Nathan: Hunter Pence’s triple-double in the NLCS

From SABR member Alan Nathan at The Physics of Baseball on October 23, 2012:

During Game 7 of the 2012 NLCS, October 22, 2012, Hunter Pence came to bat for the Giants with the bases loaded, nobody out, in the bottom of the third. He hit a grounder to the left side, normally a tailor-made double play. Now take a look at the two video clips shown below. In the first clip, we see a wide shot showing that the Cards shortstop Pete Kozma initially moved to his right, then recovered to move to his left but just out of reach of the ball. In the second clip, we see a high-speed video of the ball-bat impact, which is one of the most remarkable events I have ever seen. With the initial impact near the center of the bat, the bat breaks and the ball comes slowly off the bat. Meanwhile, the bat continues to rotate, catches up and impacts the ball a second and third time before the ball finally exits to the playing field with lots of sidespin on it.
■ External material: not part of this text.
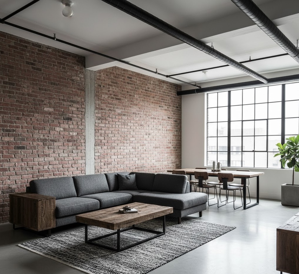 Industrial loft aesthetic ideas transform spaces with a raw, urban edge, celebrating the beauty of exposed structural elements and utilitarian design. This style features a monochromatic colour scheme of greys, blacks, and whites, often complemented by the warm tones of natural wood and brick. Materials like exposed brickwork, concrete, metal piping, and reclaimed wood are central, creating a robust and authentic atmosphere. Functionality is about open-plan living, practical furnishings, and a focus on durability, reflecting a no-nonsense, yet stylish approach to interior design. It’s a look that feels authentic, strong, and effortlessly cool.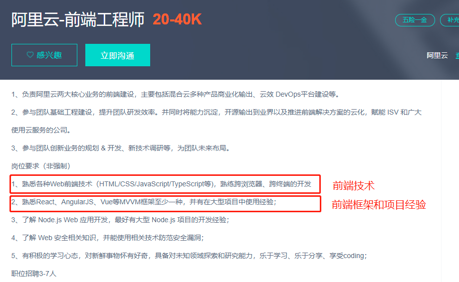 以薪资高,好入门的前端岗位为例,阿里云对应届生的要求是熟练掌握前端技术,熟悉前端框架,并具有相关项目经验:

It is the sidespin that leads to the slicing action in the trajectory that takes it just out of the reach of Kozma. As you might imagine, there is a lot of physics contained in this play, and I want to explore some of it in this article.

So, let’s try to pick apart what happened, highlighing what I consider the interesting physics. The ball hits initially off a region close to the center of the bat, where the vibrational amplitude for the lowest-frequency (“fundamental”) vibrational mode is large. The resulting large-amplitude vibration breaks the bat.